British applied mathematician

Hilary Ockendon (née Mason, born 1941) is a British mathematician who worked at the University of Oxford until retirement in 2008. Her research focuses on applications of mathematics with a particular interest in continuum models for industrial problems. She is an emeritus fellow of Somerville College, Oxford, the former president of the European Consortium for Mathematics in Industry, and the author of multiple books on fluid dynamics. She is an expert on problems in fluid dynamics, such as the reduction of sloshing in coffee cups.

==Education and career==
Born in Derby in 1941 Ockendon was privately educated at Derby High School for Girls from 1946 to 1959. In 1959 she started an undergraduate degree in mathematics at the University of Oxford as a student of St Hilda's College, Oxford. After graduating her first job was at GCHQ but after 2 years she obtained a research/teaching post at Somerville College, Oxford and returned to Oxford. She completed her DPhil in 1968, and her dissertation, Studies in Relaxing Gas Flow, was supervised by David Spence..

==Career and research==
After her DPhil, she appointed a Tutorial Fellow at Somerville College and a lecturer at the University of Oxford, she held these positions until her retirement in 2008. Between 1988 and 1990 she served as Vice-Principal of Somerville: .

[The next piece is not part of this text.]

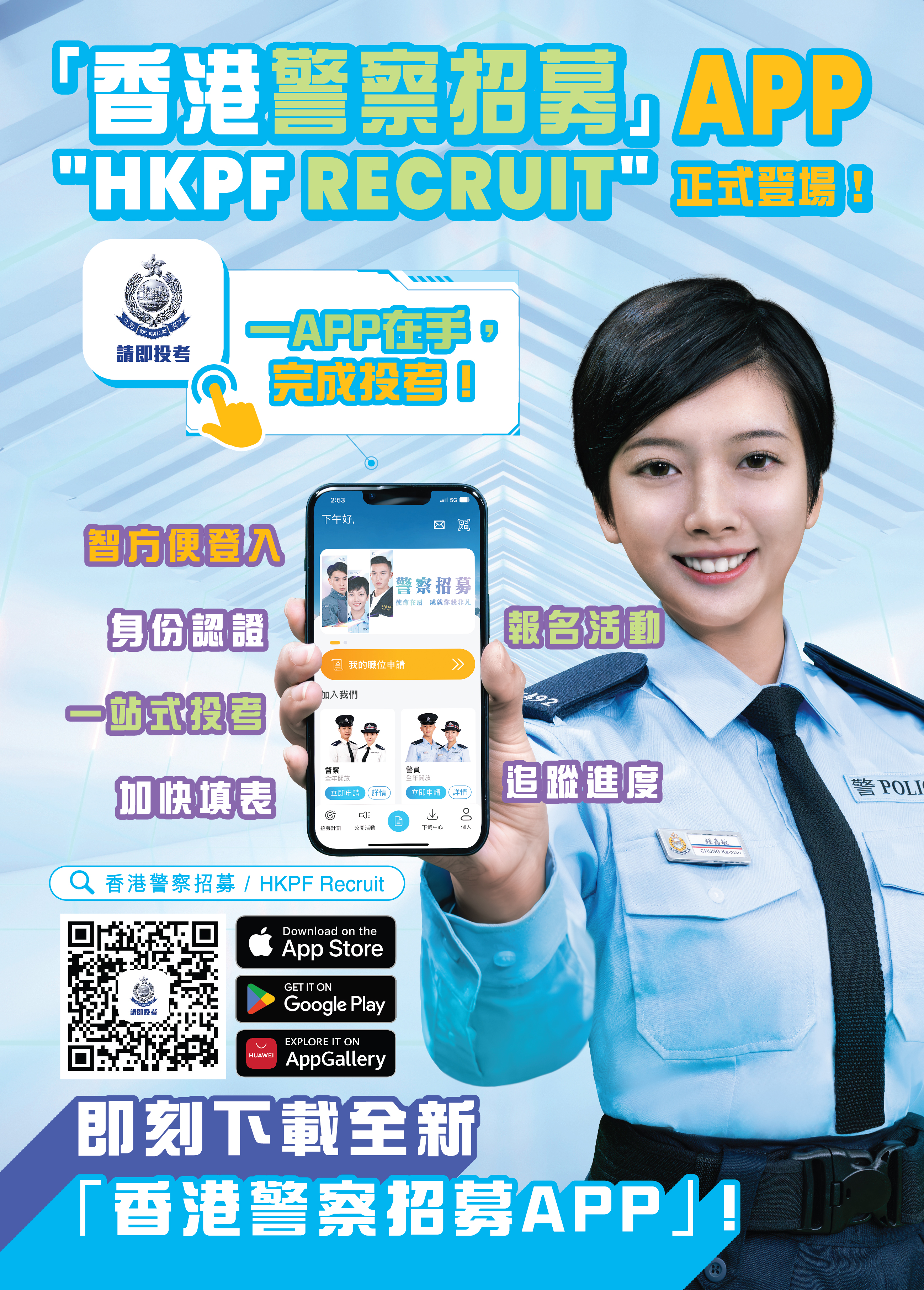 全新的「招募應用程式」(HKPF Recruit)讓市民可以透過流動電話遞交警察職位申請,並將申請流程數碼化。市民可隨時隨地追蹤遴選進度,包括面試日期及結果;亦可報名參加「警察招募.體驗日」和「警隊學長計劃」等活動,達致「一機在手,完成投考」。是次項目警隊亦與數字政策辦公室合作,讓市民可通過「智方便」登入應用程式,節省填寫資料的時間。

Between 1994 and 2002 Ockendon served as director of the Oxford Centre for Industrial and Applied Mathematics at the University of Oxford, where she is now an emerita member. She has been an Emeritus Fellow of Somerville College, Oxford since 2008. She was president of the European Consortium for Mathematics in Industry from 2001 to 2003.

==Research and career==
Ockendon embarked on research in fluid mechanics but soon became involved in the Study Groups with Industry that were launched in Oxford in 1968 and since then much of her work has been driven by industrial problems.

The industrial problems she has worked on have come from a wide range of application areas but have mainly focussed on continuum models in fluids and solids. A particular area of interest has been the problems from the textile industry.
She has also had a longstanding interest in nonlinear wave theory – both in fluids and solids. She was co-author of two textbooks on Fluid Mechanics both of which came out of lecture courses developed at Oxford.

===Books===
Ockendon is the author of:
- Inviscid Fluid Flows (with Alan B. Taylor, Oxford University, 1972; Springer, 1983)
- Viscous Flow (with John Ockendon, Cambridge University Press, 1995)
- Waves and Compressible Flow (with John Ockendon, Springer, 2004; 2nd ed., 2015)

===Knowledge transfer===
Ockendon has had a particular interest in promoting Industrial Mathematics in Europe via the European Consortium for Mathematics in Industry : Council member (1998-2005), President (2001-2003), executive director (2012–15).

=== Awards and honours ===
- Honorary Doctor of Science (DSc) degree University of Southampton, 1999.
- Honorary member of European Consortium for Mathematics in Industry (ECMI) since 2018.

==Personal life==
Ockendon married John Ockendon in 1967.